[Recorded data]
⟨
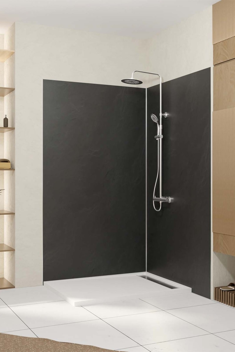 2 paneles murales de ducha STONE’IT - Negro - 120 x 210 cm y 90 x 210 cm
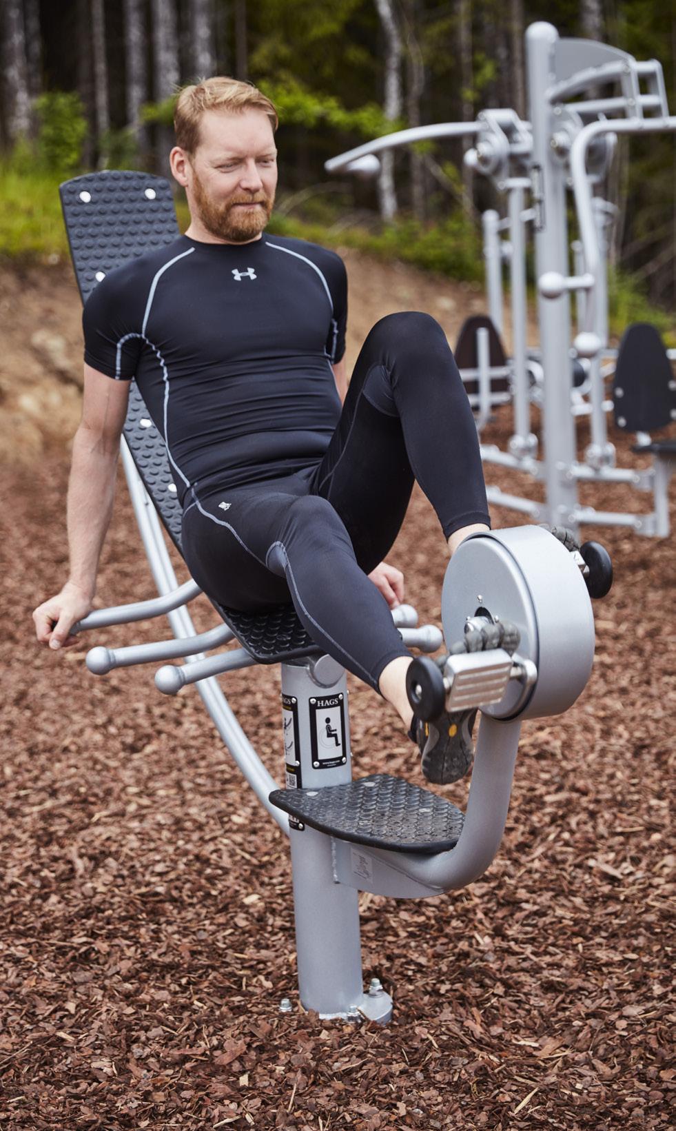 HAGS utegym är designade för att man ska kunna utmana sig själv oberoende av sin förmåga eller kroppstyp. I sortimentet finns rullstolsvänliga redskap och anpassad utrustning för seniorer.
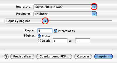 Seleccione Stylus Photo R1800 como el ajuste de Impresora y defina los ajustes de Copias y páginas.
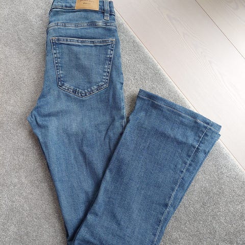 käytettynä ostetut, mutta hyväkuntoiset bootcut farkut. joustavaa materiaalia, menee noin s-m kokoiselle
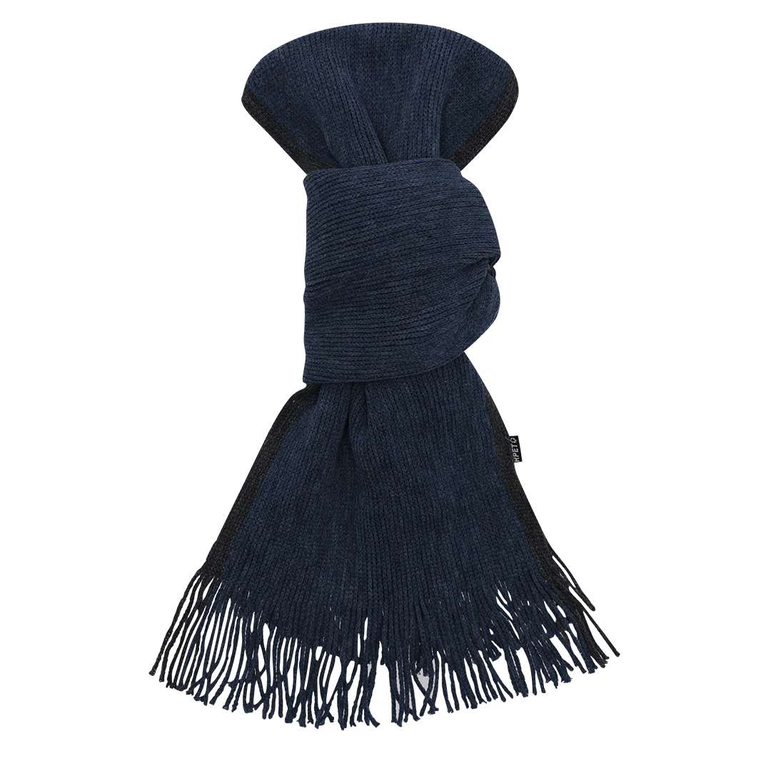 Sciarpa morbida e calda realizzata in caldo poliestere RPET. Realizzata in elegante varietà in bicolore con bordi di colore diverso, finitura sfrangiata. Con logo RPET sull'etichetta. Presentata singolarmente in una scatola nera.Il materiale RPET è realizzato con plastica riciclata, in modo da incentivare il riutilizzo dei rifiuti plastici e aiutare la sostenibilità del pianeta.
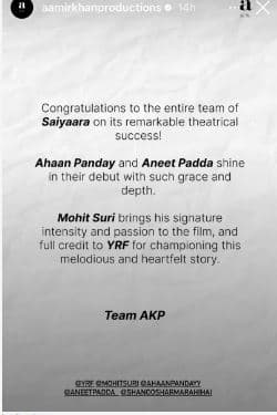 आमिर खान प्रोडक्शंस ने अपनी इंस्टाग्राम स्टोरीज पर सैयारा की टीम के लिए बधाई संदेश शेयर किया. इसमें लिखा था, “सैयारा की पूरी टीम को ब्लॉकब्टर सफलता के लिए बधाई! अहान पांडे और अनीत पड्डा अपनी पहली फिल्म में इतनी शालीनता और गहराई के साथ चमकते हैं. मोहित सूरी अपनी विशिष्ट तीव्रता और जुनून फिल्म में लाते हैं और इस मधुर और भावपूर्ण कहानी को आगे बढ़ाने के लिए वाईआरएफ को पूरा श्रेय जाता है.” बीते दिनो रणवीर सिंह, आलिया भट्ट, शरवरी, अनिल कपूर, वरुण धवण, श्रद्धा कपूर और मधुर भंडारकर ने जमकर तारीफ की थी.
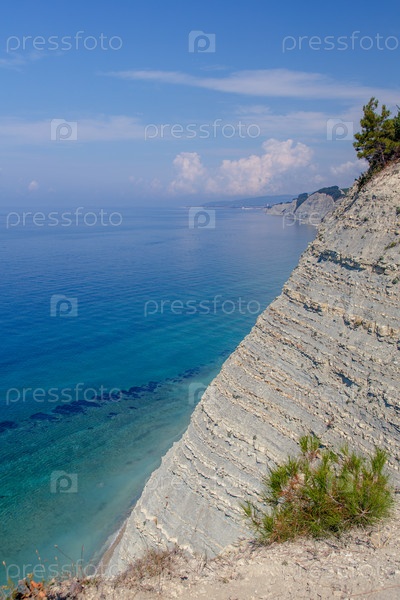 Курорт Геленджик, пляж Сосновка. Черное море. Высокий белый камень, сосны растут сверху. Пляж у основания скалы. Маяк на заднем плане
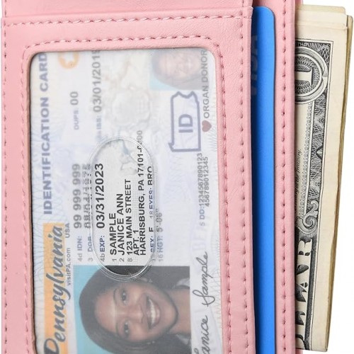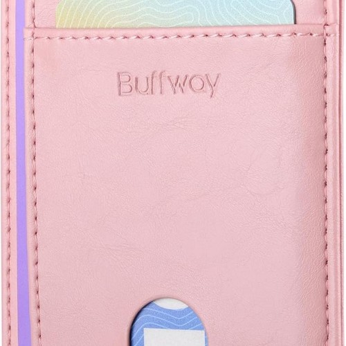 Buffway Slim Minimalist Front Pocket RFID Blocking Leather Wallets for Men and Women – Alaska Pink
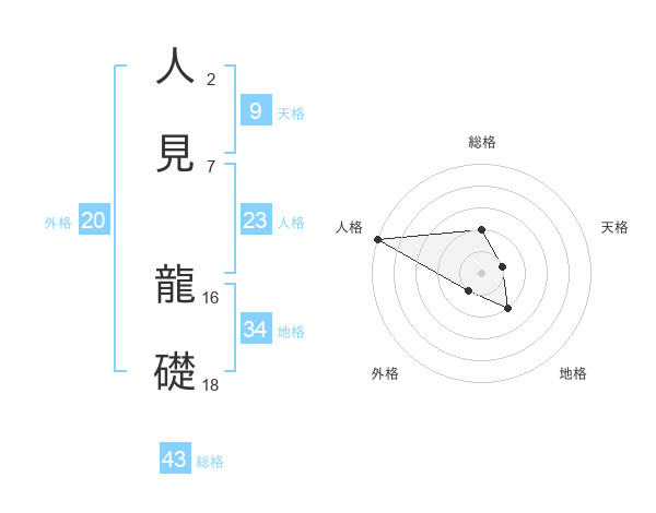 人見 龍礎さんを姓名の画数から五運を鑑定
⟩
**Goal of the exercise:** When you copy the entries above, keep every word exactly and omit the images.

**Solution for this exercise:**
 2 paneles murales de ducha STONE’IT - Negro - 120 x 210 cm y 90 x 210 cm
 HAGS utegym är designade för att man ska kunna utmana sig själv oberoende av sin förmåga eller kroppstyp. I sortimentet finns rullstolsvänliga redskap och anpassad utrustning för seniorer.
 Seleccione Stylus Photo R1800 como el ajuste de Impresora y defina los ajustes de Copias y páginas.
 käytettynä ostetut, mutta hyväkuntoiset bootcut farkut. joustavaa materiaalia, menee noin s-m kokoiselle
 Sciarpa morbida e calda realizzata in caldo poliestere RPET. Realizzata in elegante varietà in bicolore con bordi di colore diverso, finitura sfrangiata. Con logo RPET sull'etichetta. Presentata singolarmente in una scatola nera.Il materiale RPET è realizzato con plastica riciclata, in modo da incentivare il riutilizzo dei rifiuti plastici e aiutare la sostenibilità del pianeta.
 आमिर खान प्रोडक्शंस ने अपनी इंस्टाग्राम स्टोरीज पर सैयारा की टीम के लिए बधाई संदेश शेयर किया. इसमें लिखा था, “सैयारा की पूरी टीम को ब्लॉकब्टर सफलता के लिए बधाई! अहान पांडे और अनीत पड्डा अपनी पहली फिल्म में इतनी शालीनता और गहराई के साथ चमकते हैं. मोहित सूरी अपनी विशिष्ट तीव्रता और जुनून फिल्म में लाते हैं और इस मधुर और भावपूर्ण कहानी को आगे बढ़ाने के लिए वाईआरएफ को पूरा श्रेय जाता है.” बीते दिनो रणवीर सिंह, आलिया भट्ट, शरवरी, अनिल कपूर, वरुण धवण, श्रद्धा कपूर और मधुर भंडारकर ने जमकर तारीफ की थी.
 Курорт Геленджик, пляж Сосновка. Черное море. Высокий белый камень, сосны растут сверху. Пляж у основания скалы. Маяк на заднем плане
 Buffway Slim Minimalist Front Pocket RFID Blocking Leather Wallets for Men and Women – Alaska Pink
 人見 龍礎さんを姓名の画数から五運を鑑定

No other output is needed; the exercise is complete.